Testcode	score1	score2	score120	Final_score1	Final_score2	Final_score120	Prof_level
41	1	4.5	2.3.4	74	230	555	1 Low 2.2 Medium
41	.	5.6	.	450	130	250	2.2 Medium 2 High
51	6.6	2.1	2.3.4	450	130	555	2.1 Medium 1 Low

And i also have an excel sheet containing below data :

Testcode	Proficiency	Score	Lowerlimit	Upperlimit
41	Low	1	50	100
41	Medium	1	101	150
41	High	1	151	200
41	Low	2	75	125
41	Medium	2	126	175
41	High	2	176	200
51	Low	1	50	100
51	Medium	1	101	150
51	High	1	151	200
51	Low	2.1	75	125
51	Medium	2.1	126	175
51	High	2.1	176	200

In the dataset there are 120 columns named "score1 - score120" also Final score1-finalscore120.

Now I have to check each unique "score" ( from the excel) for the testcode in the dataset columns Score1 - Score120 , If there is a hit, I need to take corresponding "Finalscore" column ( from 120 columns in dataset) and lookup that "Finalscore" against the excel for the same testcode and score , and find out what range of upperlimit and lowerlimit it falls in., Once I have the hit, I need to take the "Proficiency" value from the excel and check that value in dataset "Prof_Level" column , if that value is present in that string along with the Score value in process.

Example :

From excel sheet, we take Score = 1 for testcode 41 and try to find it in the dataset column Score1-Score120 , We have "Score1" in dataset =1, so thats a hit, Now we take corresponding Final Score from dataset, in this case "Final_score1" = 74, Now we take 74 and check in excel sheet against testcode 41 and score=1 and see what range it falls in , It falls in row 1 in excel sheet, Now We take value "Low" from there and check "PROF_Level" in dataset if it has the "Low" next to "1". and we have Low next to "1" so we are good, else we flag that record as error.
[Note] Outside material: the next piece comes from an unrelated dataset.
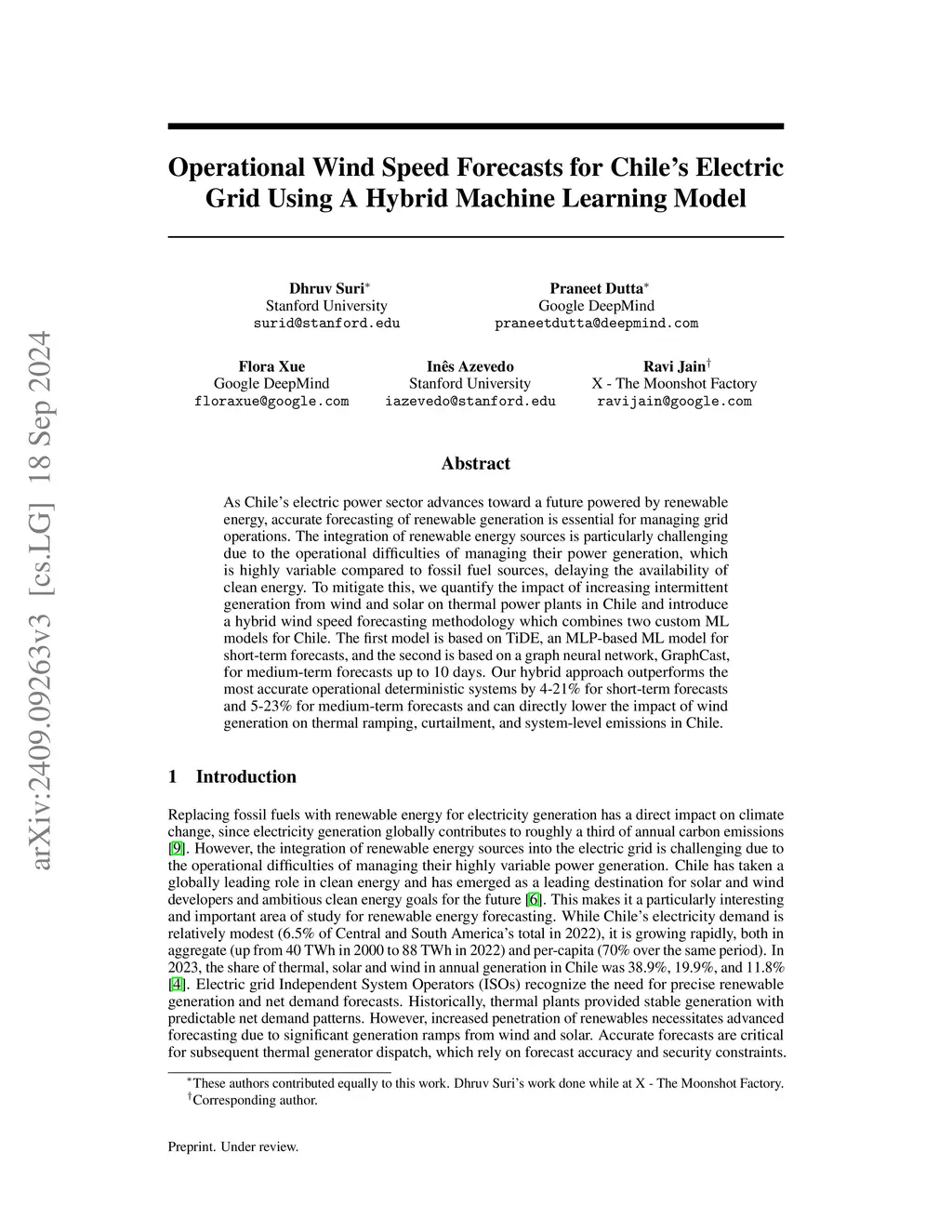 As Chile's electric power sector advances toward a future powered by renewable energy, accurate forecasting of renewable generation is essential for managing grid operations. The integration of renewable energy sources is particularly challenging due to the operational difficulties of managing their power generation, which is highly variable compared to fossil fuel sources, delaying the availability of clean energy. To mitigate this, we quantify the impact of increasing intermittent generation from wind and solar on thermal power plants in Chile and introduce a hybrid wind speed forecasting methodology which combines two custom ML models for Chile. The first model is based on TiDE, an MLP-based ML model for short-term forecasts, and the second is based on a graph neural network, GraphCast, for medium-term forecasts up to 10 days. Our hybrid approach outperforms the most accurate operational deterministic systems by 4-21% for short-term forecasts and 5-23% for medium-term forecasts and can directly lower the impact of wind generation on thermal ramping, curtailment, and system-level emissions in Chile.

I know its a lot, But I am not able to get the solution to it, and I am pretty sure Its not a straight forward joins or lookup.

I am trying and would have tried more myself, I have to complete something on very urgent bases.

Please let me know if you need more information.

Appreciate all your help.

Thanks

Manoj

Patrick · Posted 10-14-2019 10:41 PM

@MKS2204 wrote:

....

Now I have to check each unique "score" ( from the excel) for the testcode in the dataset columns Score1 - Score120 , If there is a hit, I need to take corresponding "Finalscore" column ( from 120 columns in dataset) and lookup that "Finalscore" against the excel for the same testcode and score , and find out what range of upperlimit and lowerlimit it falls in., Once I have the hit, I need to take the "Proficiency" value from the excel and check that value in dataset "Prof_Level" column , if that value is present in that string along with the Score value in process.

Example :

From excel sheet, we take Score = 1 for testcode 41 and try to find it in the dataset column Score1-Score120 , We have "Score1" in dataset =1, so thats a hit, Now we take corresponding Final Score from dataset, in this case "Final_score1" = 74, Now we take 74 and check in excel sheet against testcode 41 and score=1 and see what range it falls in , It falls in row 1 in excel sheet, Now We take value "Low" from there and check "PROF_Level" in dataset if it has the "Low" next to "1". and we have Low next to "1" so we are good, else we flag that record as error.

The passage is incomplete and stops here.